Arizona Gov. Jan Brewer, a Republican, signed, even as she vetoed a similar measure applying to light bulbs. "Both bills invite lawsuits that would restore our Founding Fathers' vision of a limited federal government based on the 10th Amendment," said her veto message, but "the Firearms Freedom Act is the more immediate and practical vehicle for achieving the objective."

Following a strategy pioneered by Thurgood Marshall and the civil-rights movement, Mr. Marbut rounded up allies to file friend-of-the-court briefs. In addition to gun groups, conservative advocacy organizations such as the Goldwater Institute filed briefs backing the court challenge.

Mr. Marbut took an even more restrictive view of federal commerce power than did farmer Filburn. Where the farmer claimed his wheat was beyond congressional regulation because he didn't seek to market it, Mr. Marbut says Congress lacks authority over products even when they're sold, if not sold over state lines.

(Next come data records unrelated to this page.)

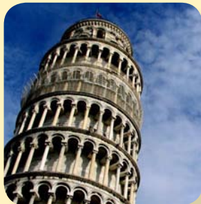
Torre di Pisa
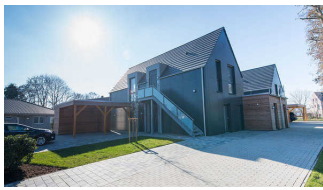
Ferienhaus Hoddersdiek - Wohnung 2
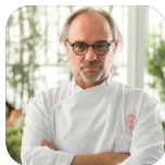
MARCO SACCO "PICCOLO LAGO"
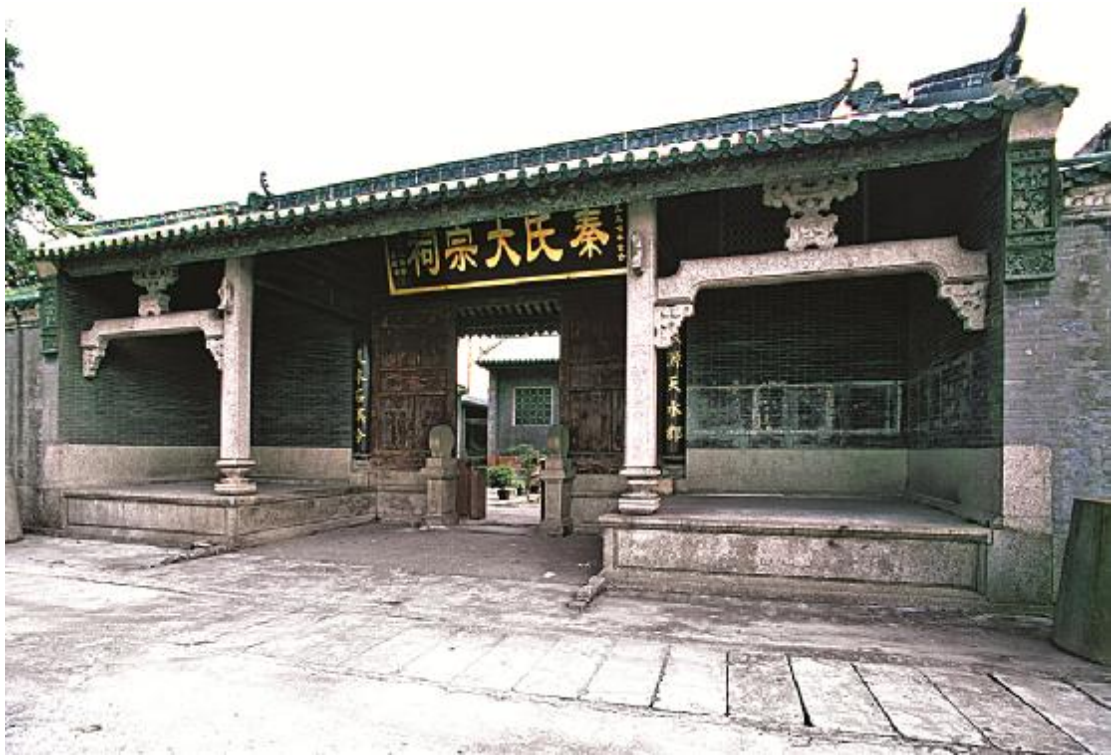
图 6 秦氏大宗祠

2020年6月至2021年3月广州市文物考古研对黄埔区南岗街道南岗社区(南片)改造项目进行过考古调查，未发现古代文化遗存。
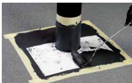
Væv trykkes fast på fladen og sidste lag QuickSeal påføres.

QuickSeal påføres i 2 lag. Der kan anvendes enten pensel, rulle eller fintandet spartel. Når første lag er pålagt, ilægges QuickSeal tagvæv, som trykkes godt fast i den våde masse. Herefter påføres andet lag QuickSeal omhyggeligt, så vævet dækkes 100%. QuickSeal er fugthærdende, hvorfor der skal regnes med en forarbejdnings tid på ca. 10 minutter.
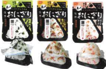
わかめ 五目おこわ 鮭
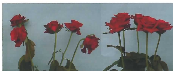
蕾が閉じた状態で収穫 少し開いた状態で収穫

バラの切花は、暑い時期には咲ききらずにしておいてしまうことがよくあります。この原因として、収穫時期と収穫後の取り扱いが関係していることがわかり、対策が明らかになりました。①高温時には、蕾が少し開いた状態で収穫する、②収穫後は清潔な水で水揚げを行う、③輸送時はできるだけ低温に保つ、ことで防ぐことができます。(園芸研究部)
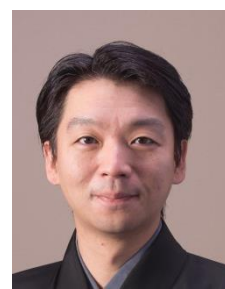
茂山 逸平 大蔵流 狂言師
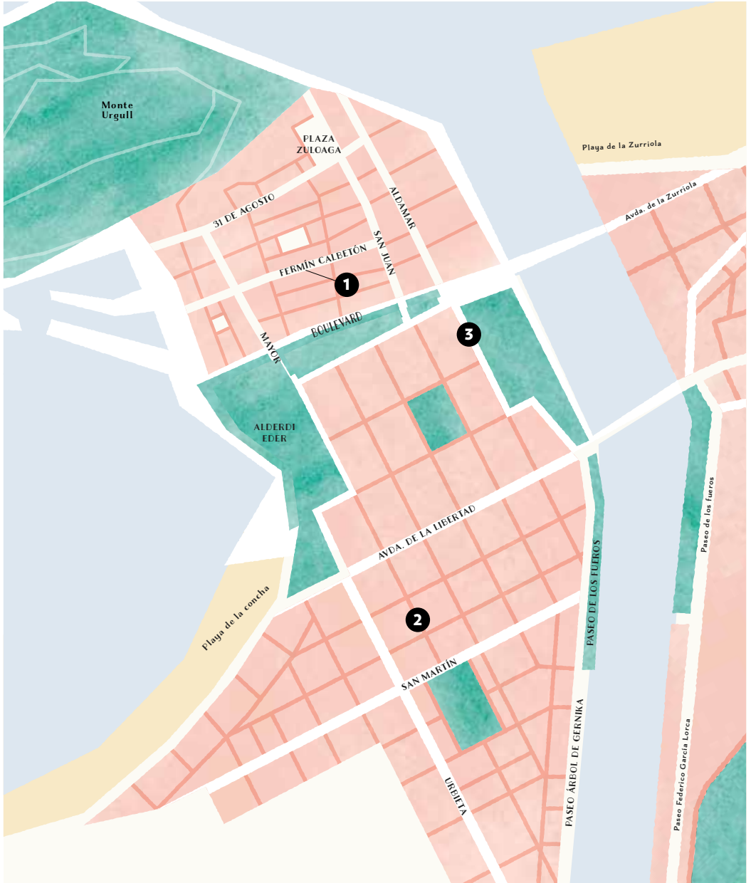
1. ELKAR, Fermin Calbetón 21. - 2. FNAC, CC San Martín - Urbieta 9. - 3. HONTZA, Okendo 4.

As he predicted, he lost the first round in federal court. Federal District Judge Donald Molloy wrote that the Montana legislature was free "to riddle the statutory code with 'political statements'" but not to invent its own constitutional law.

Mr. Marbut expects to fall short at the appeals court, as well. If he gets to the Supreme Court and loses there, he is readying a Plan B. He calls it "Sheriffs First," a bill that would authorize Montana sheriffs to arrest federal lawmen who enter their counties without permission.